アルジャーノンに会えるかもしれない。シャールはその思いだけで必死に考えを巡らせた。






その頃バリアン男爵家ではデモンとダリアが言い争いをしていた。


「あなたミッドフォード家に恨みでもあるの?!」


「母さんには分かりませんよ」


「どうして昔からシャールを目の敵にするの!従兄弟じゃない」


だがダリアの激昂くらいで怯むデモンではない。薄ら笑いを浮かべながら「違う」と言い捨てた。


「俺はシャールを愛してるんです」


「……なんですって?」


「あいつは俺の運命のつがいだ」


「何言ってるの?アルファでもないくせに!」


「アルファじゃなきゃダメなんですか?現に今シャールはベータの相手と恋をしてる」


「そんなのはシャールの自由よ。あなたが一方的にそんなこと言ったってシャールはあなたのものにはならない!いい加減理解しなさい!」


「……随分と母親みたいな事を言うんですね。子供の頃から何一つしてくれなかったくせに」


ダリアは言葉に詰まる。家風だと育児に関わらせて貰えなかったのは事実だが、ダリアは昔からデモンに得体の知れない恐怖を抱いていた。

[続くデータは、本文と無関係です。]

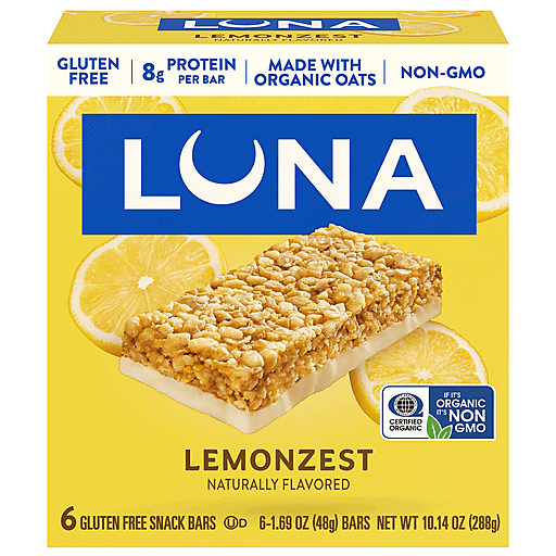 Bite into delight with LUNA Bar LemonZest Flavor Gluten Free Snack Bars. Made with organic rolled oats and offering 8 grams of plant based protein per bar, LUNA LemonZest granola bars are delicious protein snacks to help you fight off hunger during your busy day. The individually wrapped snacks are conveniently portable and great for tossing in tote bags, purses, and backpacks when heading out the door, making them wonderful office snacks and on the go snacks. Non-GMO and certified kosher, these gluten free protein bars contain no high-fructose corn syrup. Experience the tasty bliss of LUNA – a burst of flavor to take on the day.

何かにつけて子供らしくないのだ。その傲慢さも残虐さも。


「……さっきの使いの話を聞いたでしょ。シャールには思う人がいるの。あなたが邪魔をするべきじゃない」


「それなら俺の気持ちはどうなるんです?俺だけが我慢しないといけないんですか?おかしいですよね」


「……何を言ってるの」


(まるで駄々っ子だわ。いつも大人ぶってるくせに)


「とにかくアルジャーノンを見つけてあげて。どこかで囚われているかも知れないって言ってたでしょ。見つければシャールに感謝されるわよ」


「ふふっ感謝ねぇ」


「デモン?」


「ちょっと出かけて来ます」


屋敷を出ていくデモンにダリアは不安を隠せない。


(どうしてこんな胸騒ぎがするの?まさかアルジャーノンをどこかに閉じ込めてるのはデモンなの?!)


「待ちなさい!デモン……!」


ダリアの声は届かない。デモンはもう既にダリアが思うよりずっとずっと遠いところにいるのだから。